Instruction for the listing below: copy exactly, and only, the lines from the one holding "Baldwin Reading Single" through its last line, omitting any picture.

> _Raw data_:
§ §
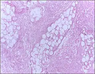 ![]() Micrografía de tejido mamario que muestra necrosis grasa. Tinción Hematoxilina-Eosina | ||
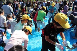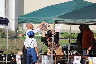前日までの大雨がうそのように晴れ上がって、晴天の中、盛大にPTAバザーが開催されました。多くの地域の方々にも楽しんでいただくことができたのではないでしょうか。前日準備から当日の販売、会計、片付けまでPTAの活躍ぶりは下の写真で紹介します。子どもたちも、歳末助け合い募金活動や食品の販売などでがんばていました。
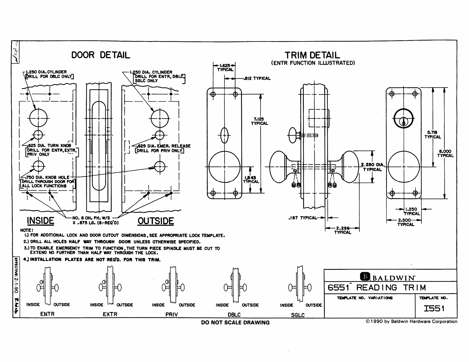 Baldwin Reading Single Cylinder Mortise Handleset Trim Set
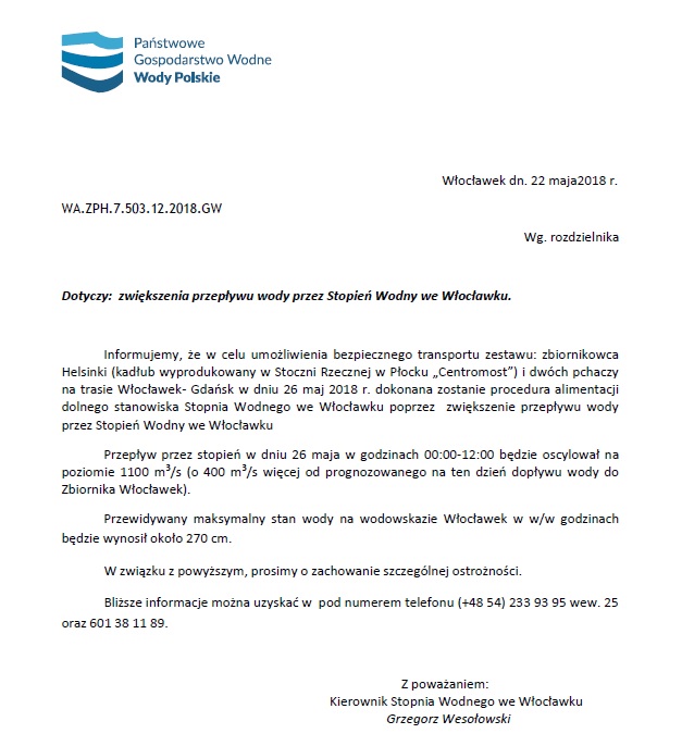 Zwiększenie przepływu wody przez Stopień Wodny we Włocławku.
§ §
> _Worked solution_:
 Baldwin Reading Single Cylinder Mortise Handleset Trim Set
 Zwiększenie przepływu wody przez Stopień Wodny we Włocławku.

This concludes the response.